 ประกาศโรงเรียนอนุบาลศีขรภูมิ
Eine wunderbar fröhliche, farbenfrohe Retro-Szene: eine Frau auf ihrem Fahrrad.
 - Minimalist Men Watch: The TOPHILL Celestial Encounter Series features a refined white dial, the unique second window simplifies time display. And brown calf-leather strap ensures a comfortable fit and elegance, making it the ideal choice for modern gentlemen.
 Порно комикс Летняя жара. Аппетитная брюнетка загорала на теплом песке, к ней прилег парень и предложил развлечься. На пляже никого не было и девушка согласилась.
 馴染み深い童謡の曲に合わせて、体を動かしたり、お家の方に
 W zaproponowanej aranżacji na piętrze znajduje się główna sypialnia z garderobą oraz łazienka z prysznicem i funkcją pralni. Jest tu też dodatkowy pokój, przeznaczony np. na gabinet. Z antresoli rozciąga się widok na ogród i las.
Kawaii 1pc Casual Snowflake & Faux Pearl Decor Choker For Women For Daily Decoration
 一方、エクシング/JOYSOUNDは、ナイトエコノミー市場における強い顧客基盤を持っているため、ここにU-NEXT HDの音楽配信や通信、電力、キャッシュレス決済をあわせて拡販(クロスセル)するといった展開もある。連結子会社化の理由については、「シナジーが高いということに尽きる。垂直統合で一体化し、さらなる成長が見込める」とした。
---
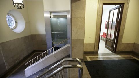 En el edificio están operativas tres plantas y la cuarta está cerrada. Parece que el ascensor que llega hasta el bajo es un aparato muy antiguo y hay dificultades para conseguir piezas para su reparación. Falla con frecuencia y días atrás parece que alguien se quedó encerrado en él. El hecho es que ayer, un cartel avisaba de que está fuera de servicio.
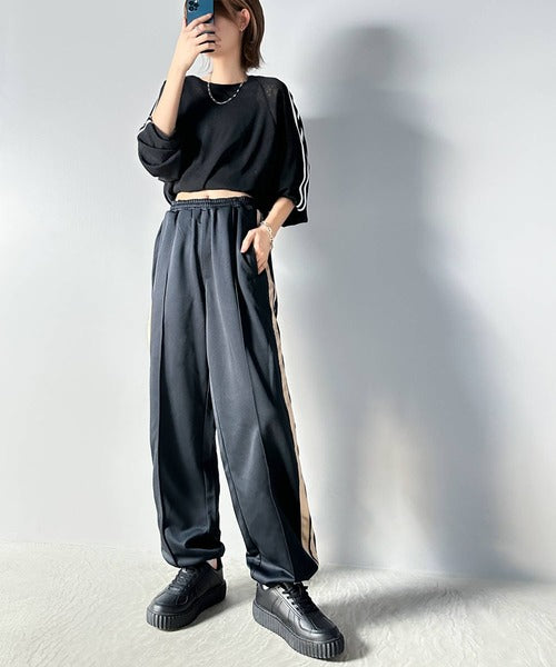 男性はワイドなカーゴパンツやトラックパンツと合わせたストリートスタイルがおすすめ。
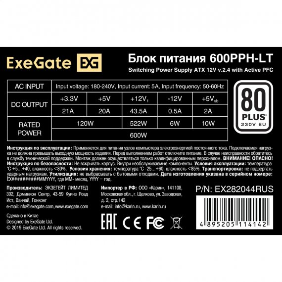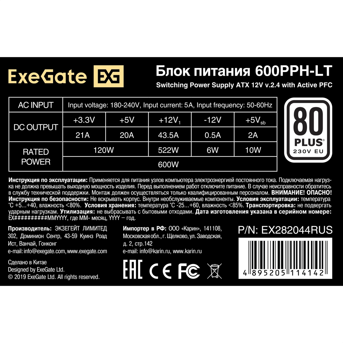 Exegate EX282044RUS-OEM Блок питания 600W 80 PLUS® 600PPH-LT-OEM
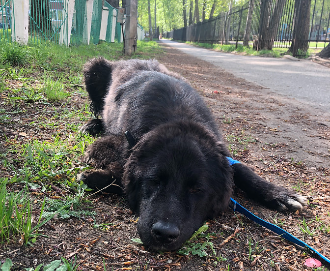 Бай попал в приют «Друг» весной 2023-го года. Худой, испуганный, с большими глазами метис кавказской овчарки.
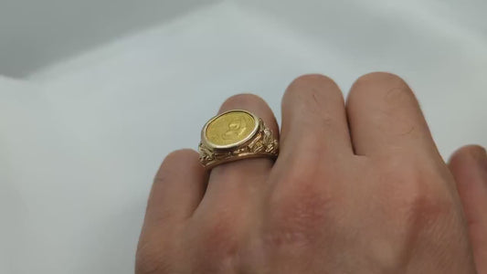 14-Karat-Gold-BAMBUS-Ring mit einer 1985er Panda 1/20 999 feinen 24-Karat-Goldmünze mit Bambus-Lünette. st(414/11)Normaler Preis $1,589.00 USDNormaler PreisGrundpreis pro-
* * *
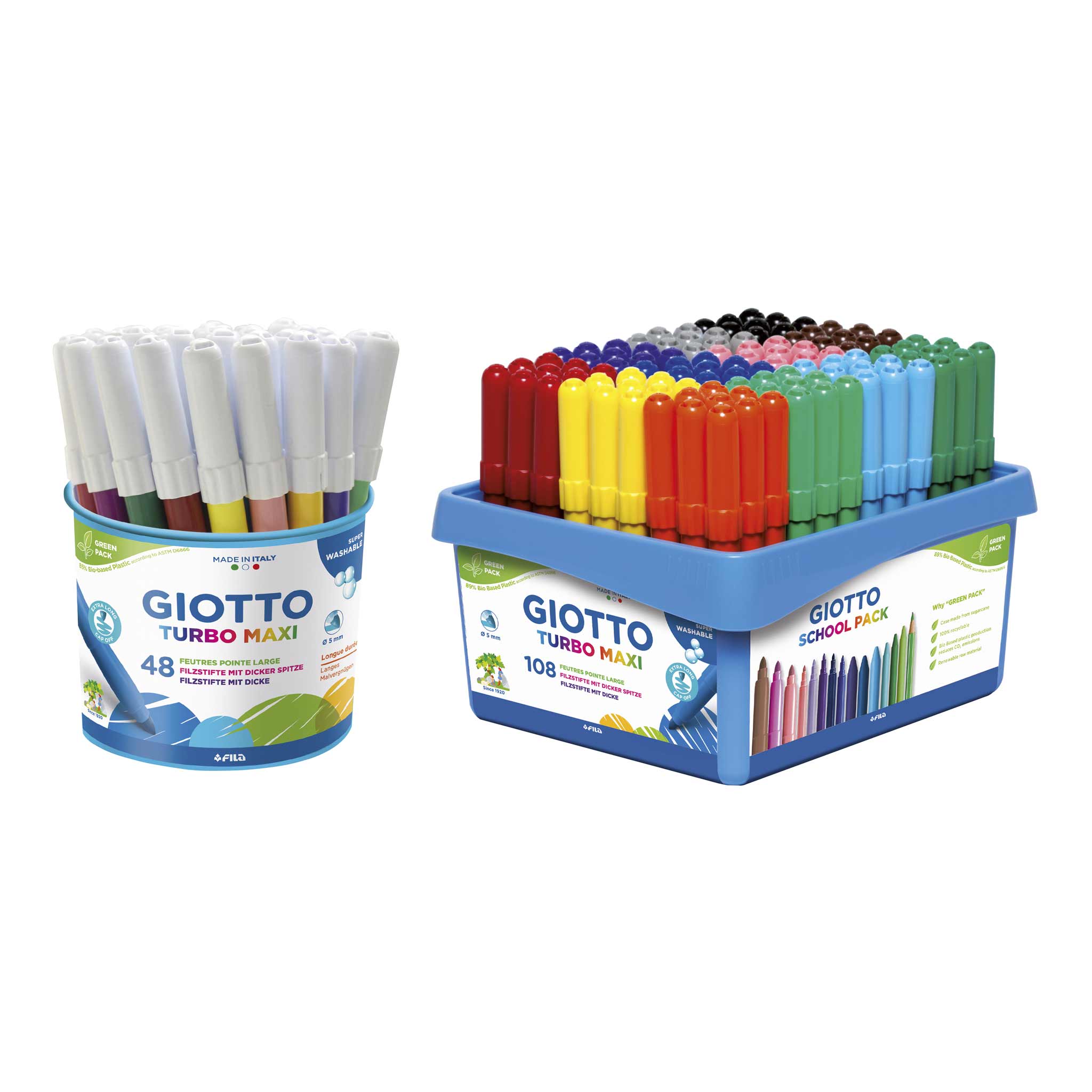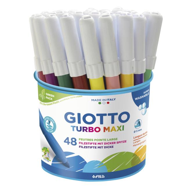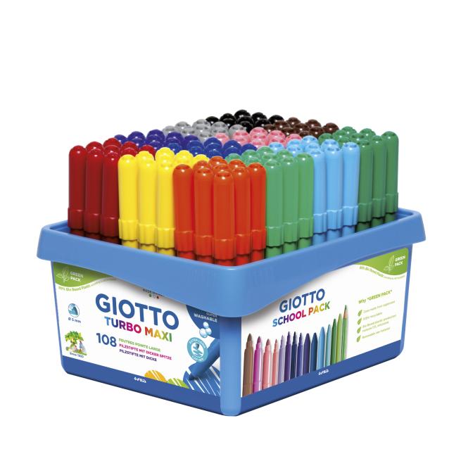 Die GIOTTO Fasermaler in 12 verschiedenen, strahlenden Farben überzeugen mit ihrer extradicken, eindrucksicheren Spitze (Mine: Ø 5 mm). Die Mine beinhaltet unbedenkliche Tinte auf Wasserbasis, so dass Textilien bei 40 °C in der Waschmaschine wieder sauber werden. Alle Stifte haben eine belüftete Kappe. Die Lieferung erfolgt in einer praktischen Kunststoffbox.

* **Work order**:
Please give again the lines above between the line holding "ประกาศโรงเรียนอนุบาลศีขรภูมิ" and the line holding "- Minimalist Men", inclusive, exactly as they are and with nothing added.

* **Task result**:
 ประกาศโรงเรียนอนุบาลศีขรภูมิ
Eine wunderbar fröhliche, farbenfrohe Retro-Szene: eine Frau auf ihrem Fahrrad.
 - Minimalist Men Watch: The TOPHILL Celestial Encounter Series features a refined white dial, the unique second window simplifies time display. And brown calf-leather strap ensures a comfortable fit and elegance, making it the ideal choice for modern gentlemen.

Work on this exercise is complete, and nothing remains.